If the error budget is exhausted, the team must:

  • Freeze non-essential deployments
  • Prioritise reliability work over feature work
  • Investigate and fix the root causes consuming the budget

Error budget as a negotiation tool

When a product manager wants to ship a risky feature and the SRE team is reluctant, the error budget provides an objective answer: "We have 12 minutes of budget remaining this month. If we deploy and it causes 30 minutes of degradation, we will miss our SLO. Let's wait until next month's budget resets."

Burn rate

Burn rate measures how fast the error budget is being consumed relative to the SLO window. A burn rate of 1 means the budget will be exactly exhausted by the end of the window. A burn rate of 2 means the budget will run out in half the window.

Burn rate Budget exhausted in Severity
End of SLO window (28 days) Normal
14 days Warning
~5 days High
14.4× ~48 hours Critical — page immediately

High burn-rate alerts catch fast-moving incidents early, while low burn-rate alerts catch slow degradation that would otherwise be invisible2.

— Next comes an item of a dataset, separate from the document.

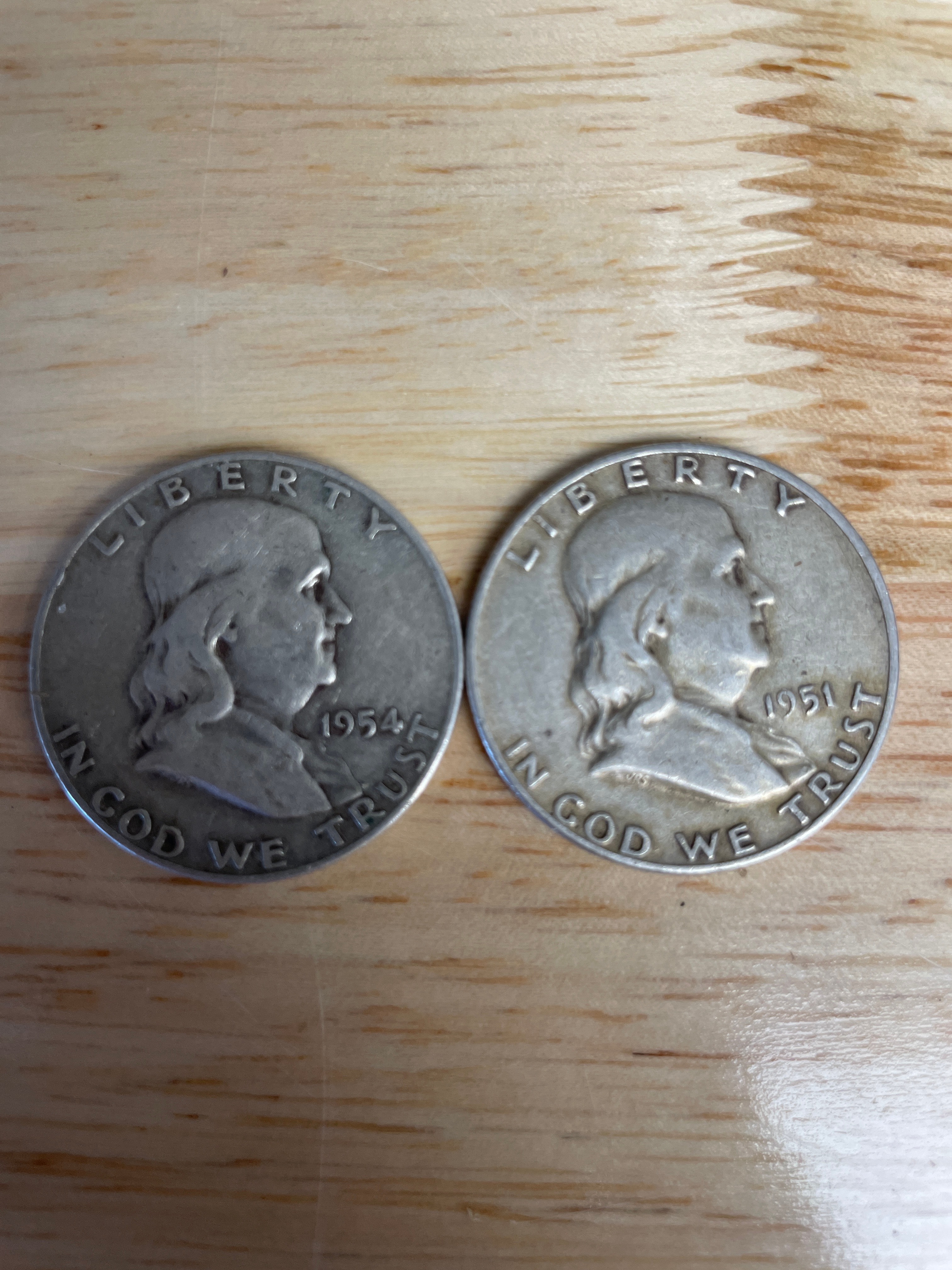 A pair of silver-colored Franklin Half Dollar coins, dated 1954 and 1951 D, featuring Benjamin Franklin on the obverse and the Liberty Bell on the reverse.

SLA — The Contractual Commitment

An SLA is a formal agreement between service provider and customer that defines the expected level of service and the remedies (typically service credits) if that level is not met. SLAs are legal documents; missing them has financial consequences.

Structure of an SLA

  1. Covered services — which products and regions are in scope
  2. SLO targets — the availability or latency commitments
  3. Measurement methodology — how uptime is calculated, which incidents count
  4. Exclusions — scheduled maintenance, force majeure, customer-caused outages
  5. Remedies — service credit schedule for each tier of breach

Real-world SLA examples

Provider Service Committed uptime Credit for breach
AWS EC2 99.99% monthly 10–30% of affected charges
AWS S3 99.9% monthly 10–25% of affected charges
AWS RDS Multi-AZ 99.95% monthly 10–100% of affected charges
Google Cloud GCE 99.99% monthly 10–50% of charges
Google Cloud Cloud Storage 99.9% monthly 10–25% of charges
Azure Virtual Machines (2+ instances) 99.99% monthly 10–25% of monthly charges

SLA vs SLO

SLA and SLO are often confused. The critical distinction:

SLO SLA
Audience Engineering team Customer / business
Nature Internal target Legal contract
Strictness Higher (stricter) Lower (more lenient)
Consequence of breach Reliability work, feature freeze Service credits, penalties

Best practice: set your SLO stricter than your SLA. The buffer between SLO and SLA is the safety margin that prevents a reliability incident from triggering contractual penalties. If the SLA is 99.9%, the SLO might be 99.95%.


Best practices

Practice Rationale
Fewer, more meaningful SLIs Two or three well-chosen indicators outperform ten noisy ones. Start with availability and P99 latency.
28-day rolling windows Monthly windows smooth out weekday/weekend variation and match most billing cycles.
Automate SLO dashboards Manual calculation is error-prone and too slow. Grafana + Prometheus or Cloud Monitoring should show current SLO compliance in real time.
Review SLOs quarterly User expectations and system capabilities evolve. SLOs that were correct at launch may need adjustment after a year of scale.
Never set SLO = 100% 100% is unachievable and leaves no room for planned maintenance or safe deployments.


  1. BEYER, B. et al. Site Reliability Engineering. Google / O'Reilly, 2016. Chapters 4–5. 

  2. MURPHY, N. et al. The Site Reliability Workbook. Google / O'Reilly, 2018. Chapter 5 — Alerting on SLOs. 

  3. AWS Service Level Agreements. Amazon Web Services. 

  4. Google Cloud Service Level Agreements. Google LLC.